Four years ago my son and I walked the length of Hadrian’s Wall. It is 73 miles long and there is a path that parallels the Wall, intersecting with tumbled-down forts built by the Romans during their occupation from 43 AD to 410 AD. There are also a few pubs like the Twice Brewed Inn offering a bed and cold beer.

We began on the Eastern end near Newcastle. I was nervous but the path is well marked and much of the diminished Wall survives making it hard to get lost.

When my son was young, we did a lot of hiking in the Blue Ridge Mountains, especially the Nantahala Forest around Asheville, N.C. In the higher elevations above Graveyard Fields one encounters “balds” where there are few trees to block the view. To a large extent this topography was similar to that along Hadrian’s Wall.

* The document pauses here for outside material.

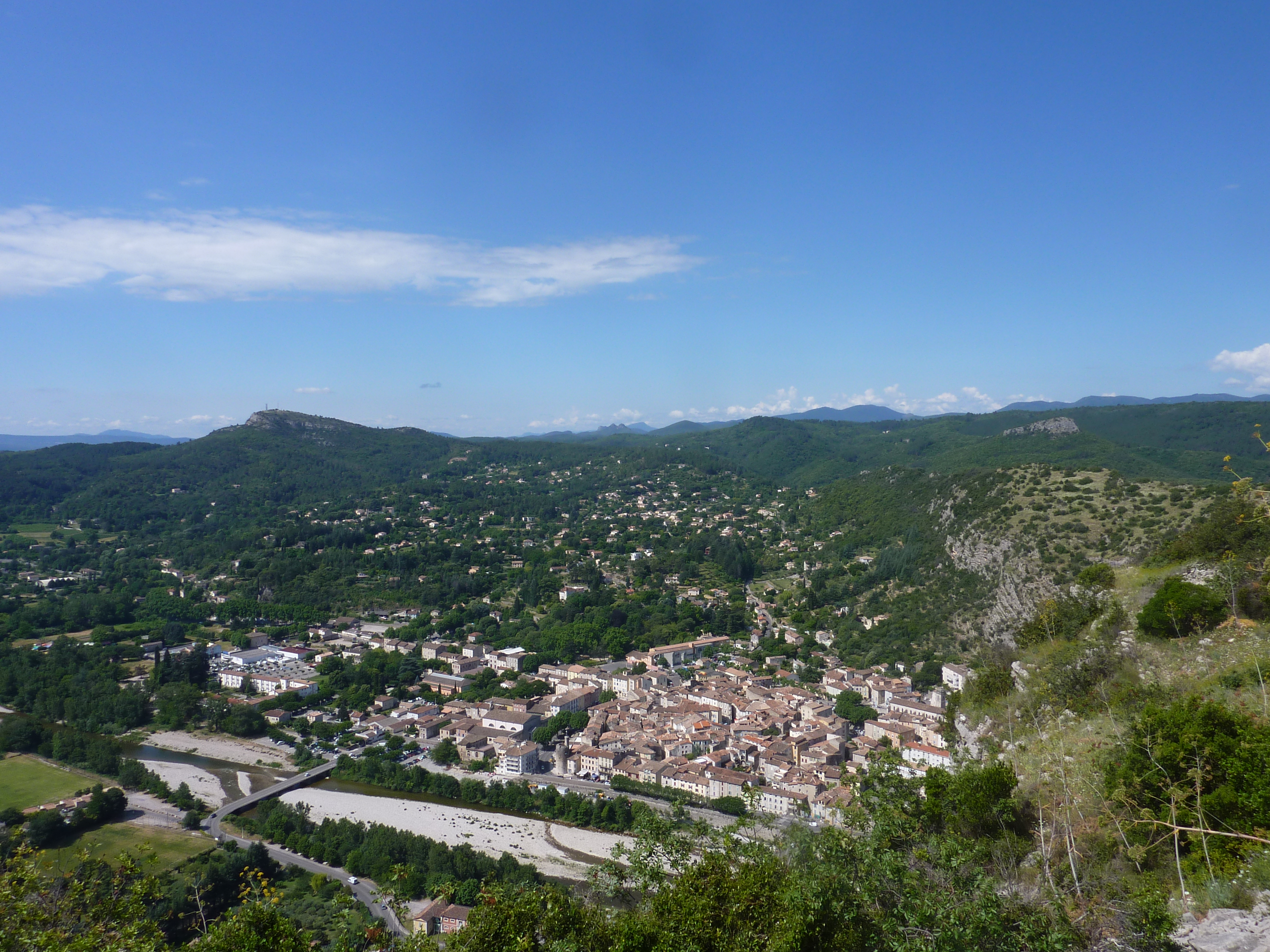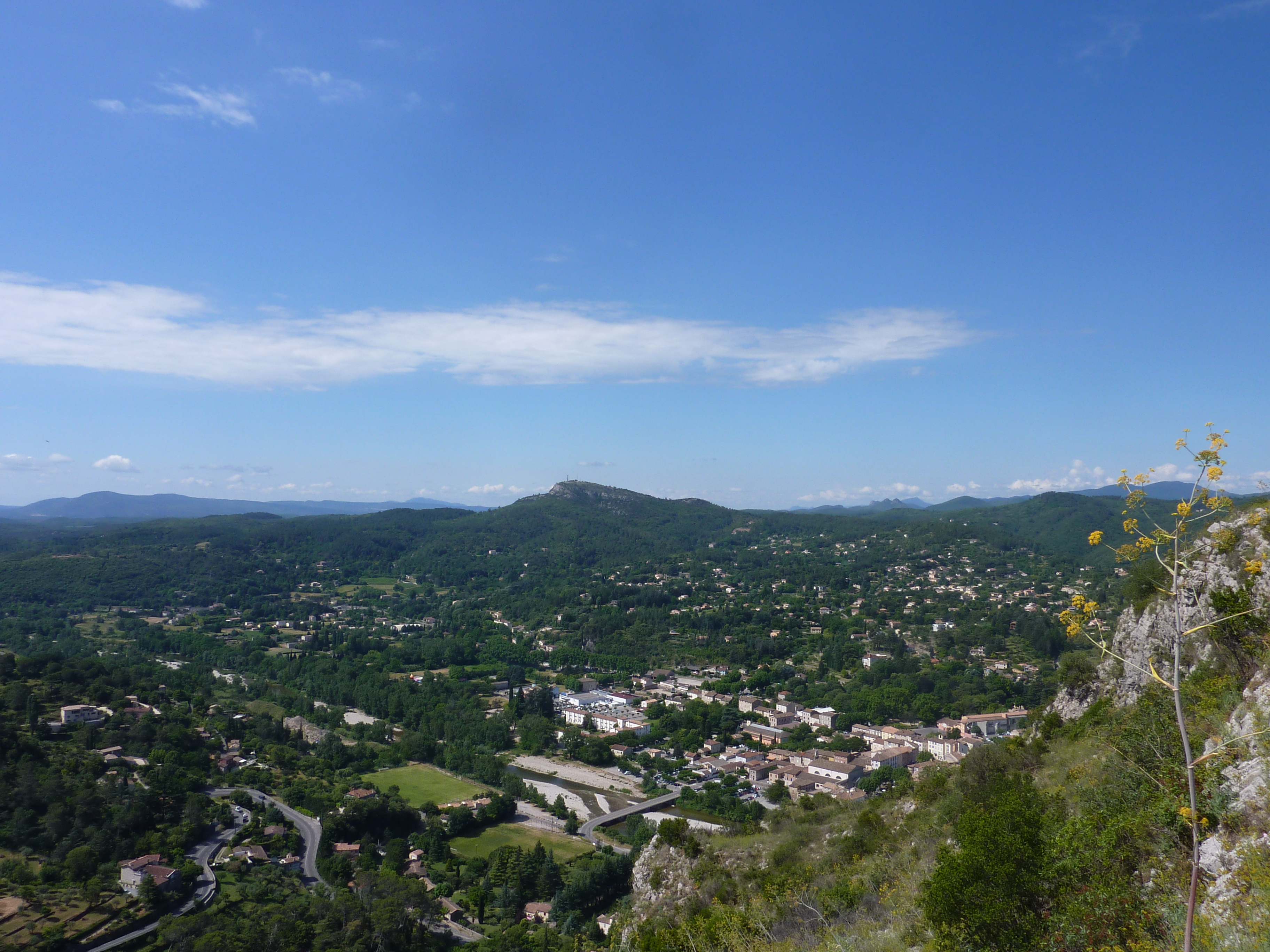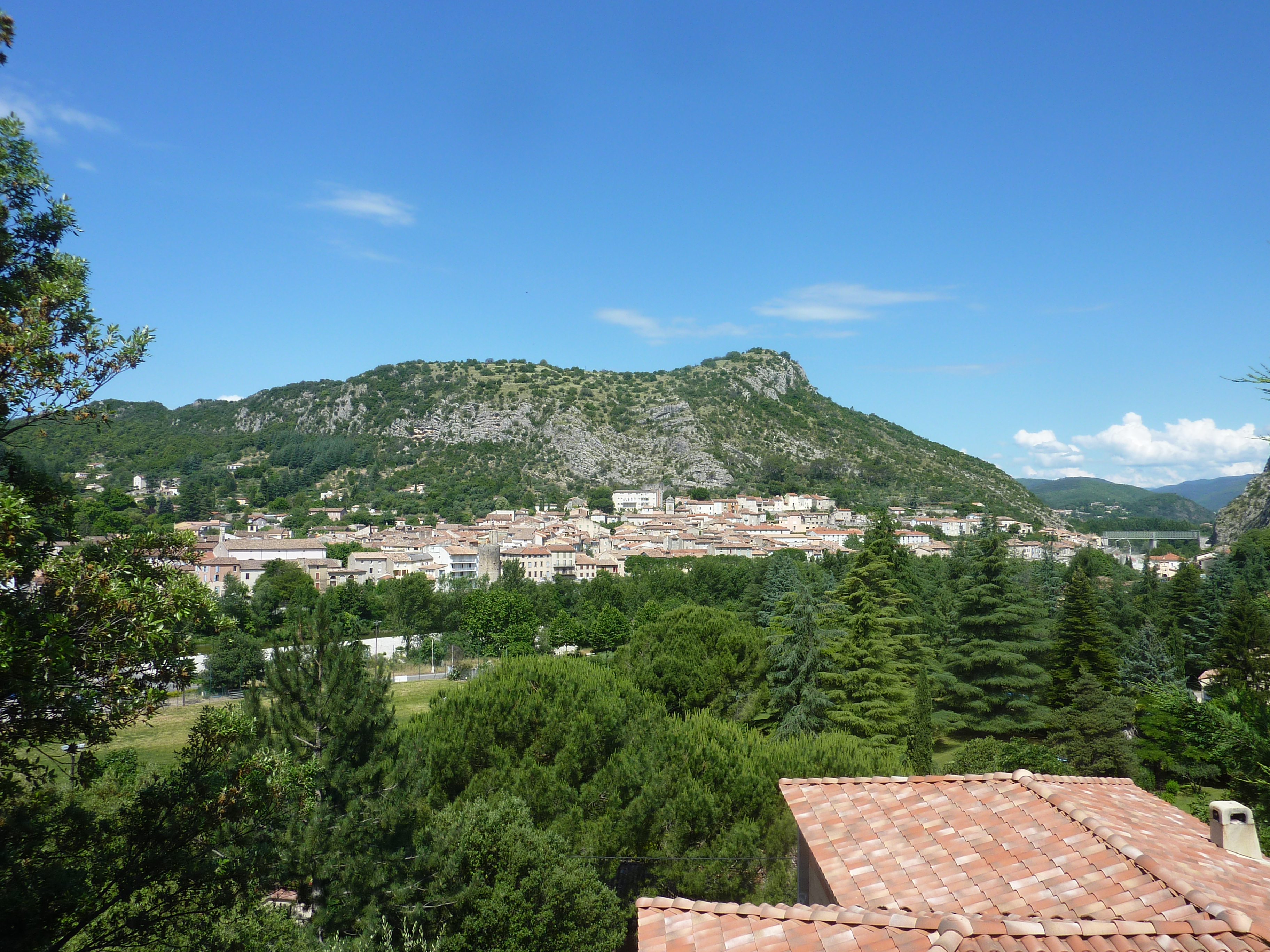Belle vue sur Anduze et le Rocher de Saint-Julien, falaise occidentale de la Porte des Cévennes

When Zach and I would take these Nantahala hikes, we would talk as we walked. In those days I had an obsession with everything Roman, especially their wars — Gallic, Punic, Civil — and would use the topography to explain Cannae, Zama and Mons Graupius. But I always came back to Trasimeno, where Hannibal ambushed Gaius Flaminius in 217 BC.

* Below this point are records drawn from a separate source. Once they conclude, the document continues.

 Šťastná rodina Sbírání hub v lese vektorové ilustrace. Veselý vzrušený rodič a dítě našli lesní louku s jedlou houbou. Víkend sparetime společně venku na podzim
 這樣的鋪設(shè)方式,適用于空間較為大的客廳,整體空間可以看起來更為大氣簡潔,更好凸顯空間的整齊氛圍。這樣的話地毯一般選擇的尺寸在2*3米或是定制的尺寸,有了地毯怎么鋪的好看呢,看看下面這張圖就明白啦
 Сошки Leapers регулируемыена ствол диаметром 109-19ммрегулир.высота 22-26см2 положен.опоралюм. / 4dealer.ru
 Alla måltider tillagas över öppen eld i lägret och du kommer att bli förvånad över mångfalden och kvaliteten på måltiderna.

Lake Trasimeno (a/k/a Lago Trasimene) is the classic ambush where Hannibal hid his army on the high ground and carefully cut off any escape, using the Lake itself for that purpose. He knew that he had to strike quickly, before the Romans could form their battle lines and fight as a coordinated unit.

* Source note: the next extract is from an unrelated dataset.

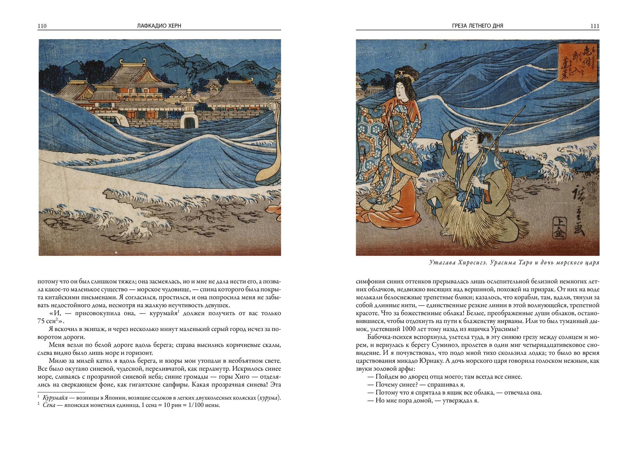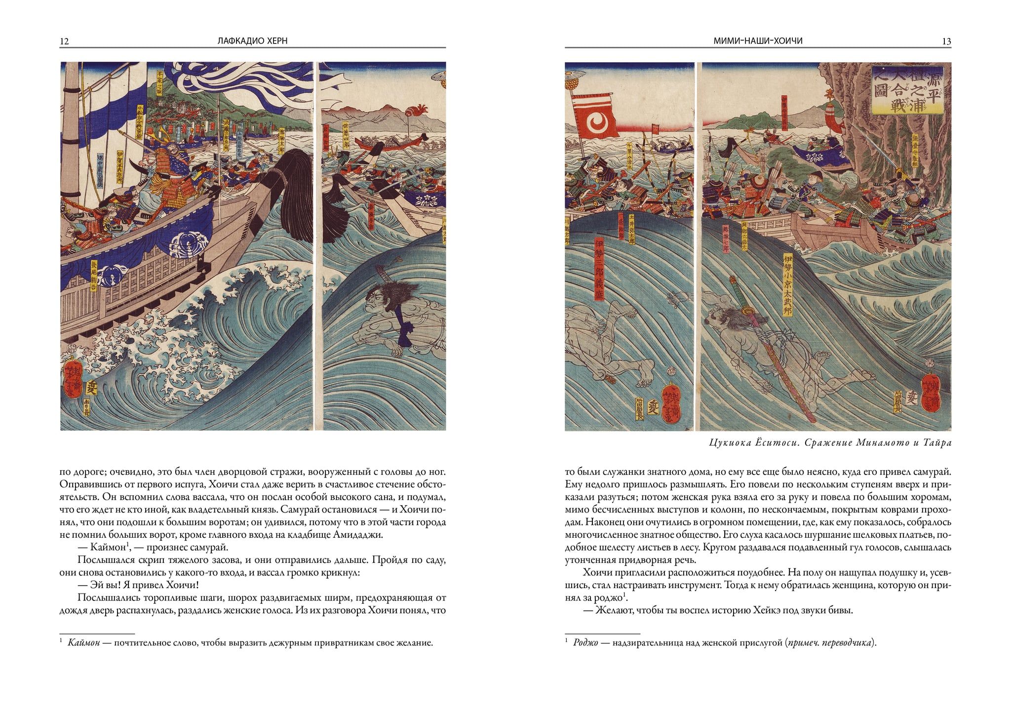 Сборник включает так называемые кайданы — старинные таинственные, «роковые» японские притчи и сказки. Они были любовно собраны под одной обложкой в начале XX века американцем британского происхождения Лафкадио Херном. Последние годы своей жизни он провел в Японии, искренне полюбив старинный дух этой страны. Произведения сборника проиллюстрированы великолепными цветными рисунками японских художников XIX века. Знакомство с японскими кайданами не только развлекает читателя, но и позволяет лучше понять уникальную культуру этой страны. Глубинная основа культуры любого народа — древние легенды, мифы, предания, сказки. В них отражаются его обычаи, верования, отношение к природе, этические и эстетические взгляды. Традиционный фольклорный жанр в Японии — кайданы — диковинные легенды о необычных суевериях, страшные роковые рассказы о призраках и чудесах, о встречах человека со сверхъестественным: демонами, ведьмами, оборотнями и т. п. В начале XX в. они были собраны и переведены на английский язык ирландско-американским прозаиком, переводчиком и востоковедом, специалистом по японской литературе Лафкадио Херном (1850–1904). Он был назван так же, как и греческий остров в Ионическом море — Лефкас, или Лефкада, на котором в 1850 г. появился на свет. Отец Лафкадио — ирландец, военный врач, мать — коренная гречанка. Первые годы жизни мальчика под солнечным лазурным небом Греции были безоблачными. А потом разразилась семейная драма. Отец увез семью в Англию. Пейзажи и климат Туманного Альбиона подействовали на мать мальчика угнетающе, и вскоре она вернулась в любимую Грецию. Брак распался. Лафкадио остался с отцом, который не слишком заботился о воспитании сына, до своего совершеннолетия находившегося под присмотром старой тетки. Распад семьи стал трагедией для юноши. Возможно, в этом таилась причина его страсти к мистике, к потустороннему миру, ведь в реальности не было ни радости, ни счастья. И Лафкадио уехал в Америку. Солнечный Новый Орлеан, в котором он осел, напоминал жизнерадостную Грецию. Здесь воспрял духом и начал писать веселые фельетоны, приводившее в восторг местных жителей. Однако счастливый период в его жизни был недолгим — его сменили разочарования и одиночество. В 1890 г. Лафкадио убегает от себя на край земли — в далекую Японию, работает там американским корреспондентом. Писатель восторгается древним духом этой страны, столь близкой его романтической натуре. Он увлекается буддийской культурой, посещает старинные монастыри, жадно вслушивается, всматривается в страшные истории о сверхъестественном. Но противоречия между рациональным настоящим и древней, таинственной Японией не давали покоя мечущийся душе Лафкадио. Он как будто всегда находился меж двух миров — реальным и ирреальным. Желание сохранить уникальный образ Древней Японии, показать его людям подтолкнуло Лафкадио к составлению сборника кайданов, книги, которую вы держите в руках. Она проиллюстрирована утонченными гравюрами японских художников XIX в., которые позволяют глубже понять и почувствовать эту богатую красками страну.

As we scrambled over Black Balsam Knob, and then Tennant Mountain in the Nantahala, the steep contours below provided a nearly a perfect tableau for a Trasimeno narrative. It is also a good place to explain the legionary organization of the Roman Army and how it’s discipline and coordinated fighting usually carried the day.

Hadrian’s Wall is another story involving the defensive tactics of an Empire that was tired of fighting a guerrilla war with a bunch of screaming, blue-painted barbarians who would not surrender. The real story (on the Wall) is a story about individual legions drawn from Spain, France and the Netherlands who were doing their 20 years of service, marrying a local girl, raising their family and getting their 401 pensions in place. It is the story of guard duty, a little bit of action and a lot of boredom. It reminded me of my life as an Army dependent in Germany.

After hiking for couple of days we got into an up-and-down section where one climbs up for 50 yards, then slips and slides down for 50 yards. Then goes back up and comes back down again into a gap. In one of the gaps between these small hills there is, or was, a Sycamore tree that had somehow survived for three centuries. On our way to this tree it was my son who told me about the famous Sycamore and how it would be a good place to rest.

We reached Sycamore Gap late in the day and removed our 50 pound backpacks. The bunkhouse where we had spent the previous night had provided sandwiches, and we ate those while Zach told me about the filming of “Robin Hood” at this very spot. This led to “Game of Thrones;” and the legendary “White Walkers;” and the fierce, mythical peoples of the North who terrorized the people in the South. I wish I could have remembered everything — we might have moved on to the Ninth Legion and what had happened to those unhappy legionnaires who vanished from the face of the earth — but my memory is diminished.

It was almost like we had wandered into Brigadoon and were transported back in time. I have to believe this had something to do with the now felled Sycamore — a single tree that had been standing alone for a long time — and it’s need to speak.

But we were still a mile from Twice Brewed, where we would eat, drink and compare notes with others walking the wall. Others who had heard this tree.